Para quem você está falando?
É mais fácil sensibilizar pessoas de ideologia conservadora
para os riscos da mudança climática apontando diferenças entre o presente e o
passado do que apelando para o futuro, diz um conjunto de seis experimentos
consolidados em um artigo publicado no periódico PNAS.
As pesquisas foram
realizadas online e envolveram 1,6 mil respondentes, que leram textos sobre
mudança climática com foco no passado ou no presente, além de textos-controle
sobre outros assuntos.
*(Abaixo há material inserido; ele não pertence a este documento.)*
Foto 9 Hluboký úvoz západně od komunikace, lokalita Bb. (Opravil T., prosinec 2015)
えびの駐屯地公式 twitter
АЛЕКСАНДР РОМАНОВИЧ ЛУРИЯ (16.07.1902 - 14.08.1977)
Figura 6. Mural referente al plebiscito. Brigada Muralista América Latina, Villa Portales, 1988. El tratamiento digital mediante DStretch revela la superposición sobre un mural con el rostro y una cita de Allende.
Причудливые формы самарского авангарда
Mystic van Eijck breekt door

Também foram usadas imagens que poderiam refletir
mudanças na paisagem que já aconteceram ou simulações de alterações previstas.
“Comparações com o passado eliminam grande parte da divisão
política que separava as atitudes dos respondentes liberais e conservadores em
relação à, e o comportamento para com, a mudança climática”, escrevem os
autores, dos Estados Unidos e Alemanha: as conclusões do "paper" apontam que o apelo ao passado permite cobrir "lacuna política" entre liberais e conservadores no que diz respeito à mudança climática numa média de 77% das vezes.
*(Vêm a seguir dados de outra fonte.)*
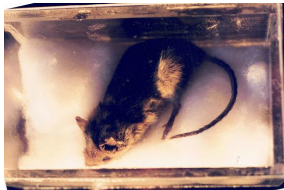
Kaffemusén på lit de parade

I berörda rum rev man bort samtliga golvlister samt bänkhurtsen i lunchrummet. Firman "Vått och Torrt" fick rycka ut och sätta igång sina torrluftsläktar som fick stå och gå ca 3 veckor. Vi som satt i detta elände var väl "torrisar" förut och inte blev det bättre av detta, även om det var bra för golv och väggar. Men i julveckan fick vi iordning igen och allt blev som förr.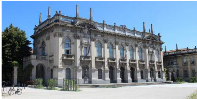
Huvudingången för campus Leonardo

föreläsningar, seminarier, projekt och tentor. Eftersom jag går masterkurser hölls allt på Engelska så språket var inga problem. En vanlig dag kunde bestå av föreläsningar på morgonen, möte med någon projektgrupp och sen lite eget arbete på uppgifter.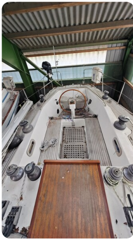
Feltz Alu One Off_27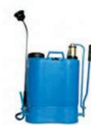
شکل ۲۷-۳- سم پاش کتابی پشتهی /هرمی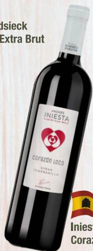
Iniesta Corazon Loco Tinto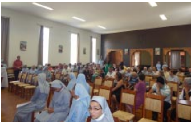
Santa Missa foi celebrada na capela do Hotel Fazenda, com a participação de vários Padres, Religiosos, Religiosas e Cooperadores Guanellianos

Num dos experimentos, onde os respondentes eram estimulados a doar dinheiro para ONGs, ficou claro que conservadores preferem apoiar grupos que focalizam seus apelos em comparações com o passado, enquanto que liberais preferem doar para ações que usam exemplos focados no futuro.
Esse trabalho vem se somar a outros que já vinham apontando a conexão entre crenças e valores -- é mais fácil a uma pessoa, que adere a um certo valor A, aceitar uma crença B se ela lhe parecer compatível com A -- e, também, a estruturação das crenças em redes, em que a conexão lógica ou afetiva entre uma nova crença proposta e as crenças pré-existentes pode fortalecer ou enfraquecer sua chance de adoção.
Há até um estudo sugerindo que as pessoas são capazes de considerar alegações contraditórias entre si igualmente plausíveis, desde sejam, ambas, compatíveis com uma crença mais ampla -- por exemplo, pessoas que acreditam que o governo americano mente sobre terrorismo podem achar "altamente provável" tanto que Osama bin Laden ainda está vivo quanto que ele já estava morto muito antes de sua execução ter sido anunciada.
Confesso que vejo trabalhos como esse da comparação entre "exemplos do passado" versus "exemplos do futuro" com um certo grau de ambiguidade ética: há uma zona nebulosa entre a persuasão emotiva e a desonestidade intelectual. Exemplos deveriam ajudar as pessoas a pensar sobre o que está sendo discutido, não distraí-las da questão em tela.
No entanto, não há nada de essencialmente errado em enquadrar uma mensagem de modo adequado para o público que se pretende atingir. De fato, é possível argumentar que o que mais se precisa hoje do mundo é de uma maior preocupação com esse tipo de enquadramento, ao menos da parte de quem acredita ter causas importantes a defender: certas pessoas convencem-se fácil demais de que a pureza e a urgência de sua causa fulguram de tal modo nos céus do Novo Mundo que quem não as enxerga de imediato é cego, idiota ou inimigo.